Friday, March 7, 2008

Evolution: The 800-pound Gorilla

In what has portent for every Board of Education in the United States, the Florida State Board of Education recently tossed a banana to scientists who affirm that Darwin’s theory makes sense. Florida teachers are now required to teach the theory, and call it just that, as well they should.
Evolution has hung around 150 years and been extolled or excoriated by scientists of all stripe. Those who proclaim its validity, conveniently overlook magnificent flaws in the theory. But they should be heard. And their arguments weighed.
On the flip side, many of those who go ballistic over the concept, do so–not because they are onto the scientific waffling of the theory–but because it conflicts with their religious beliefs. That discussion has no place in any science classroom.
Kids need to know a theory as grand as evolution. They need to know how Darwin cranked it up and the evidence he saw that seemed to convince him to speculate that we evolved from that first cell of life, in some primordial soup. Followed by his speculation that living species changed over time.
They also need to know that the theory of evolution poses some scientific gaps that currently seem unbridgeable, for teaching the theory without teaching its shortcomings is proselytizing, not teaching.
The gnawing questions about the theory are legion: How did that first cell of life pop up from five inorganic elements? Life requires information. The smallest cell of life contains as much information as the New York City Public Library (52 million volumes). This, in a cell so small we cannot see it. No known science can show how information can create itself, which that first little bugger had to do.
How does a lizard (cold-blooded, lays eggs) become a rat (warm-blooded, gives birth)? In essence, if a rat evolved from a lizard there’s a hold-the-phone moment in the whole process: How does a half rat/half lizard reproduce?
Where is proof of a single evolved species? Every so-called ‘evolved’ species is only speculated to have evolved. Scientists have every right to speculate at will; but they have an obligation to call guesswork what it truly is. Some find it difficult to believe that whales ‘evolved’ from polar bears. And germs that lose their ability to respond to penicillin, for example, are not a new species—merely a defective species that will return to form later.
Just where is the fossil trail? The ‘Cambrian Explosion’ is an era when suddenly fossil layers are found in the subsoil. But there’s a problem: Those fossil critters are fully developed, not little fellers on their way somewhere. Where are the beginners?
And, yes, it always comes to this: Where is the missing link? Darwin himself shook his head over those horrendous chasms, as he called them, gaps that have not been bridged in the 150 years since. Maybe someday those gaps will be filled with solid science; but certainly not today.
None of the supposed missing links–Nebraska Man, Java Man, Peking Man, et al.--actually steps up to the evolutionary plate and hits a homer. Even poor little Lucy’s knee was found 2 miles away and 200 feet deeper in the ground. Seems like quite a stretch there. For all we know, Lucy may well have been Lucifer.
Science is all about questioning and Florida science teachers, as well as their colleagues nationwide, should teach the substance of the theory of evolution. Teaching about the theory is no more anti-religious than is teaching the many ways in which human beings reach out to various altars of higher powers.
Learning does not corrupt. It’s people who do.

Tuesday, March 4, 2008

How can angels be so noisy?


She was first, Anna Babette, interestingly named for ancestors on both sides of her tree. The singsong phrase rolled out easily: "Anna Babette, Anna Babette, Ask for angel and she's what you get."
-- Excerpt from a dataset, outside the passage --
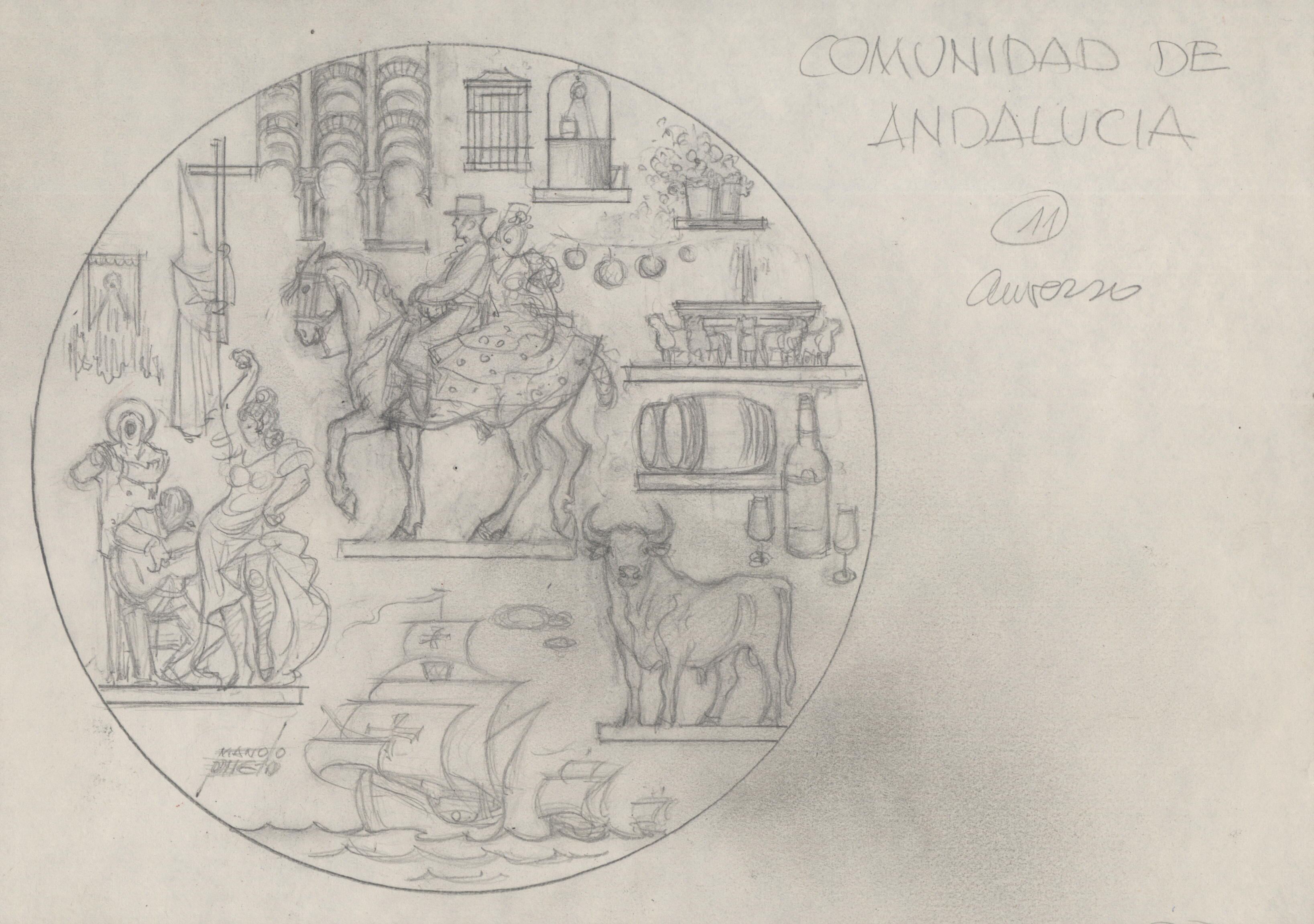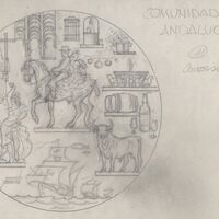 - Boceto a lápiz de la medalla conmemorativa de la Comunidad Andaluza, en cuyo centro una pareja vestidos con trajes típicos andaluces, a caballo, rodeado por elementos de la gastronomía significativos de la región.

And then Howie thumped onto the scene. At age three, he sidled up to me and with a knowing grin said, "Call me Bubbie." I swore I would as soon as I could stop laughing.

They're older now at 6 and 4, which merely gives them greater mobility and imagination to construct lairs of chairs and blankets, Leggo structures that match devious plans swirling in their brilliant little brains, and to swat one another as the occasion demands. It seems, occasions are indeed demanding.

They visited us these past few days at what they call our 'Beach House' which is a full mile and many millions of dollars removed from the true Atlantic Beach in Ponte Vedra Beach, outside of JAX. Google Earth says we're seven full feet above sea level, a perfect target for a tsunami swoosh.

Their visit was a mix of pandemonium and hugs. Grins and grimaces. Treats and tricks.

It was a love fest that worked both ways and, as we waved goodbye to flailing little arms driving off to their nest, we thanked God for their parents who taught them to say their prayers and put their trust where it belongs.

Grandmas and Grandpas come and go. But these cherubs, who will pick up where we left off, have their heads on straight because their parents do, as well. Life is indeed good.